Should AARP win this month’s liberal hypocrisy award?


AARP’s scary anti-Social Security reform ad is designed to scare granny out of her wits. It compares the Bush plan to allow younger workers to invest a portion of their retirement funds in the market to gambling. “If we feel like gambling,” one of the administration critics says, “we’ll play the slots.” 


But, as James K. Glassman points out, this is a very odd position for AARP to take:


“[T]he AARP is talking out of both sides of its mouth,” notes Glassman. “It says that stock and bond investing is like playing a slot machine at the same time it promotes stock and bond investing by selling 38 mutual funds to its members and taking a cut from each sale.”

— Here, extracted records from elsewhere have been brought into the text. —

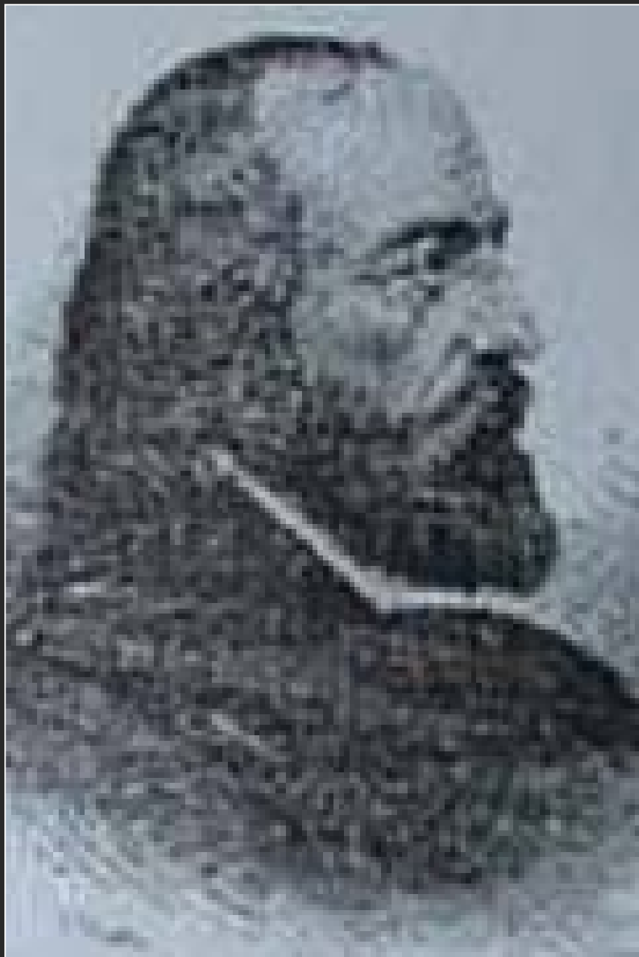
Viktorin Kornelius ze Všehrd
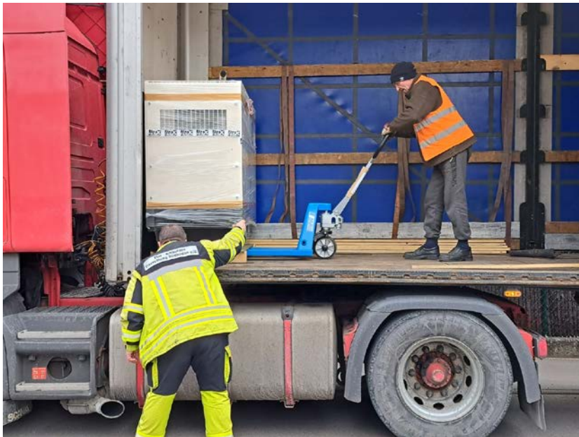
Bildunterschrift: Das Aggregat wird in Deutschland verstaут.
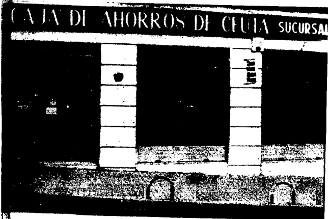
URBANA NUM TRES Barriada de Villa-Jovita
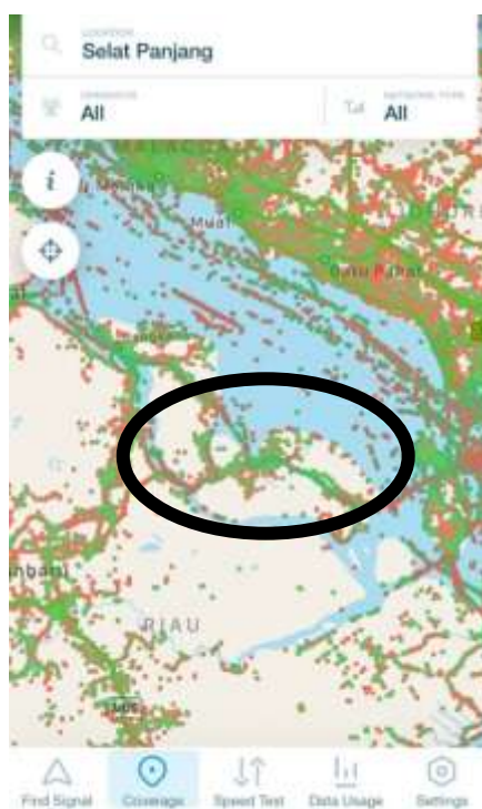
Gambar 3. Cakupan Ketersediaan Layanan Internet di Meranti.

Kegiatan penyuluhan akan berbentuk talk show dan diskusi terkait dengan pemanfaatan media sosial bagi pemilih pemula, lalu kegiatan akan dilanjutkan dengan diskusi agar para peserta dapat menanyakan hal-hal yang belum dipahami. Setelah kegiatan penyuluhan atau edukasi selesai dilakukan, tim pengabdian tetap membuka diri untuk konsultasi, diskusi atau tanya jawab secara personal terkait dengan pemanfaatan media sosial bagi para remaja yang berstatus pemilih pemula melalui media sosial seperti Whatsapp . Hal ini dilakukan agar mereka menjadi semakin paham dan siap dalam menghadapi pemilihan umum berbekal dengan informasi-informasi yang sudah mereka dapatkan.
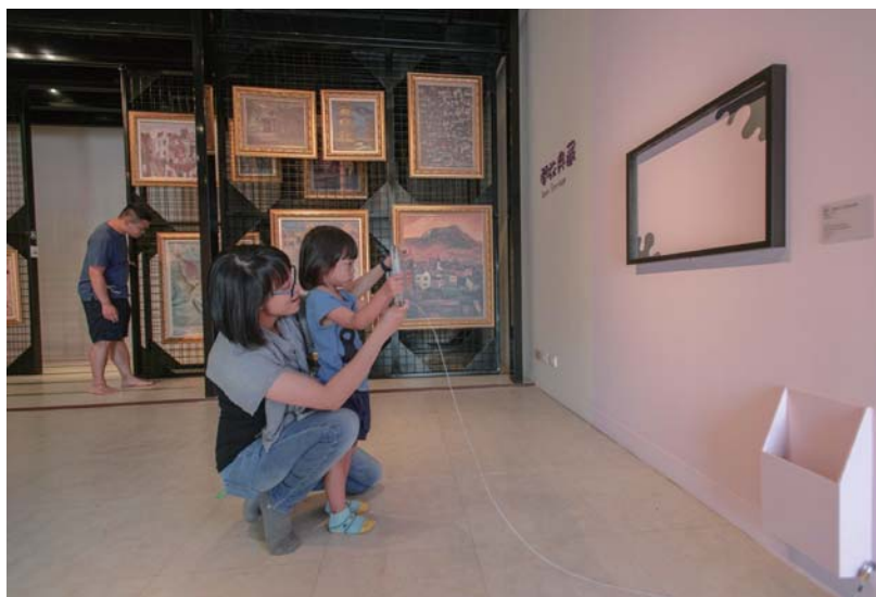
兒美館《藝術，在這裡》展場，內有許多 AR 互動科技，讓小朋友可以透過科技與展品互動
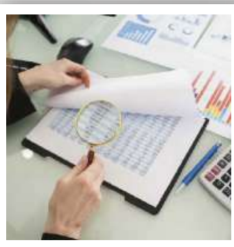
Valorización de Empresas
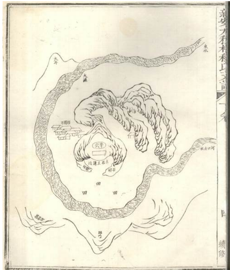
Рисунок 7. Схема гробницы шестого поколения предков рода Чэн. Гравюра из «Генеалогии ветви клана Чэн деревни Синьянь Дачэн, Карта гробницы шестого предка», эпоха Цин, 1740 г. [35]. Шанхайская библиотека, №911071-72. Источник изображения: цифровая копия, Аньхойский университет.

Даже те генеалогические книги, где не использовались свитки для могильных схем, акцентировали внимание на соответствии захоронений ценностям фэншуй – выделяя очертания гор и рек. Яркий пример – упомянутое ранее изображение могил рода Чэн из деревни Дачэн (Рис. 7).
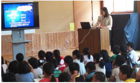
いわて地域脱炭素推進員による事前学習
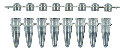
#PCR-0208-CP-C (8 連 PCR チューブと 8 連ドームキャップのセット)
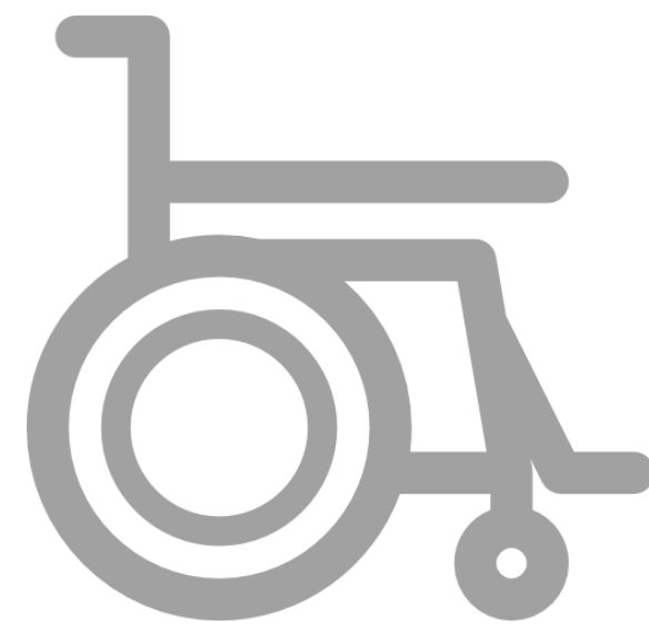
специальные технические средства
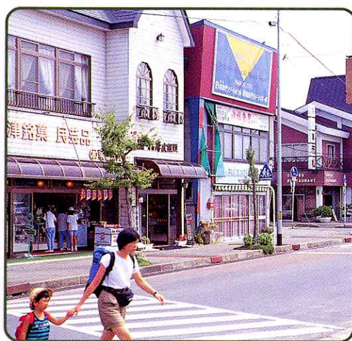
➡ 駅前商店がい えき
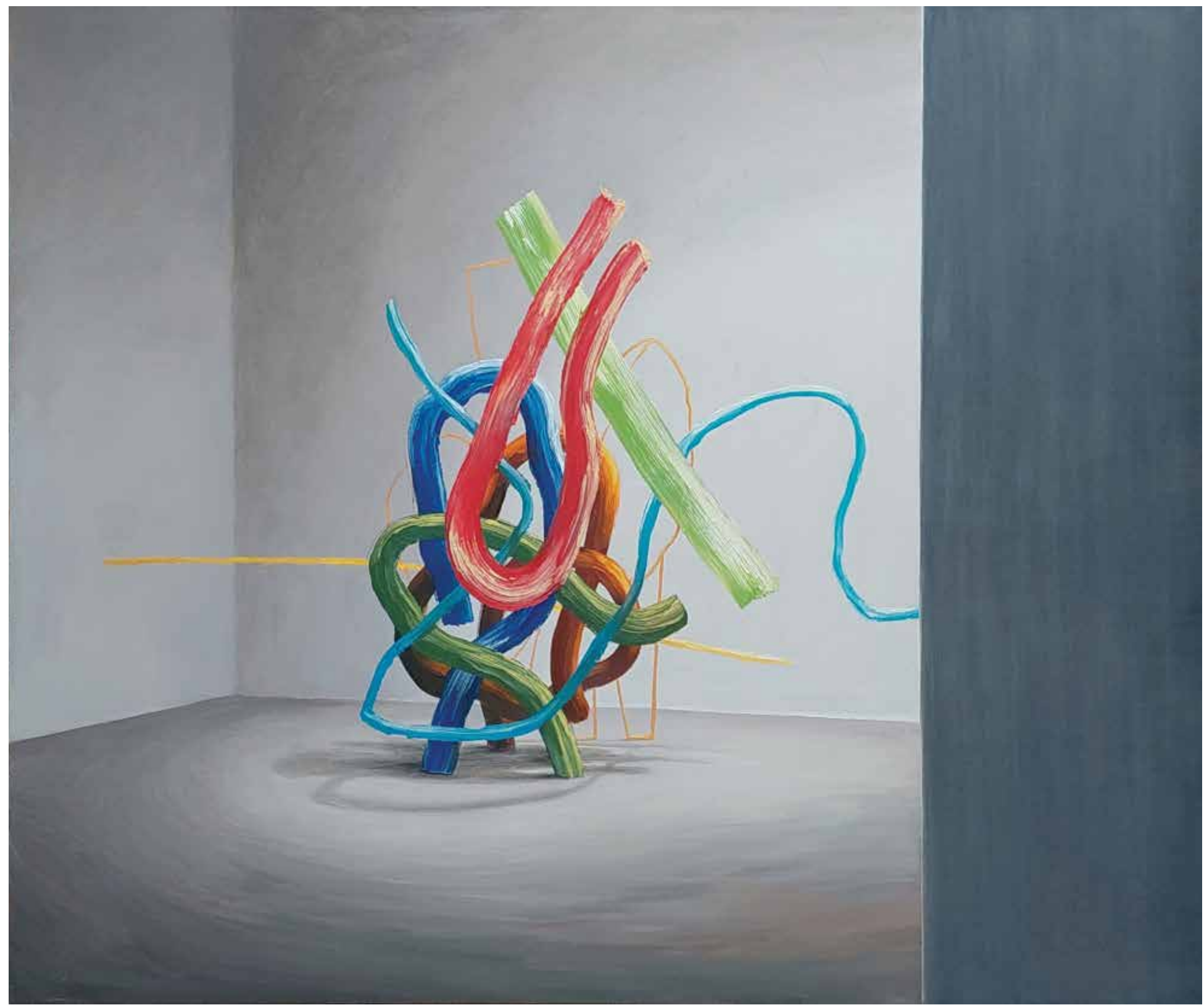
In zakaj sloni?, 2022, olje, platno, 170 x 207 cm
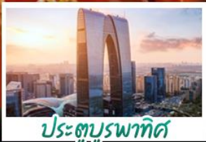
ประตูบูรพาทิศ
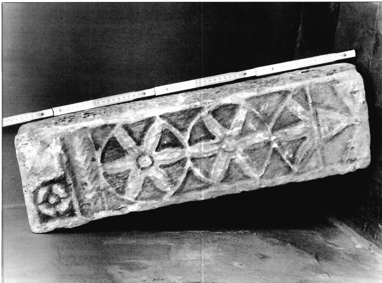
LÁMINA 9. Casa de Pilatos (Sevilla), tenante de altar? (neg. DAI-MAD-R57-97-2).
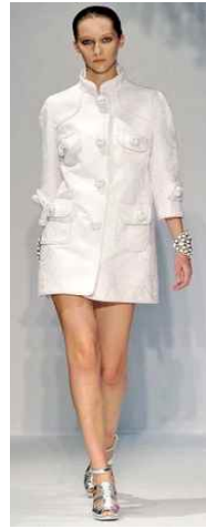
<Fig. 27> Andrew GN 2009 S/S Paris (firstview.com, n.d.-b)
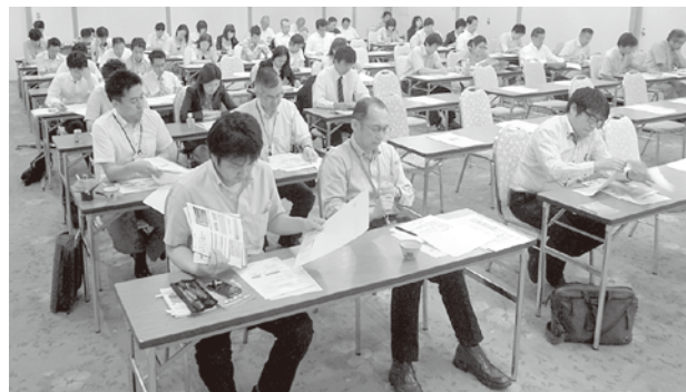
▲熱心に聞き入る参加者
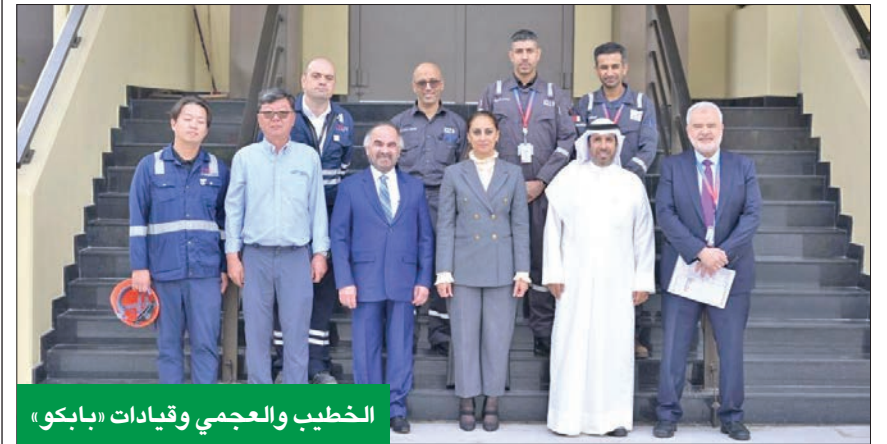
الخطيب والعجمي وقيادات «بابكو»

في إطار التعاون المشترك وتبادل الخبرات بين الشركات الوطنية للتكرير وإسالة الغاز في دول مجلس التعاون الخليجي، قامت الرئيسة التنفيذية لشركة البترول الوطنية الكويتية وضحة الخطيب، والرئيس التنفيذي لشركة البترول الكويتية العالمية شافي العجمي، بزيارة شركة بابكو للتكرير بمملكة البحرين، وقد كان باستقبالهما الرئيس التنفيذي لبابكو للتكرير د. عبدالرحمن جواهري.

But the funds the AARP offers to its older members are much safer than most, right? Well, no’


“Among the AARP funds are far riskier choices,” writes Glassman, “than advocates of Social Security reform would ever offer to American workers: for example, a Latin American stock fund, a junk-bond fund, and a fund that holds shares of companies based in such highly volatile markets as Indonesia and Russia.


“AARP Services, Inc., the lucrative business arm of the AARP, entered into a deal with Scudder Investments to sell mutual funds to its members as part of a special affinity program. According to a prospectus, Scudder pays AARP an annual fee for the use of its trademark that ranges from .05 percent to .07 percent of assets. That can come to a lot of money. One fund alone, Scudder Growth & Income AARP, manages $5 billion.
 
“The hypocrisy is breathtaking. AARP’s website carries solid information about how to invest wisely, but the organization’s anti-Social Security ads make investing – even under the tough restrictions advocated by reformers — look like a game for dumb suckers and out-of-control gamblers.


“AARP is using an old strategy: trying to scare the wits out of old people. The organization’s executives want its members to think that Social Security will be destroyed by offering young people the option of personal accounts,” says Glassman.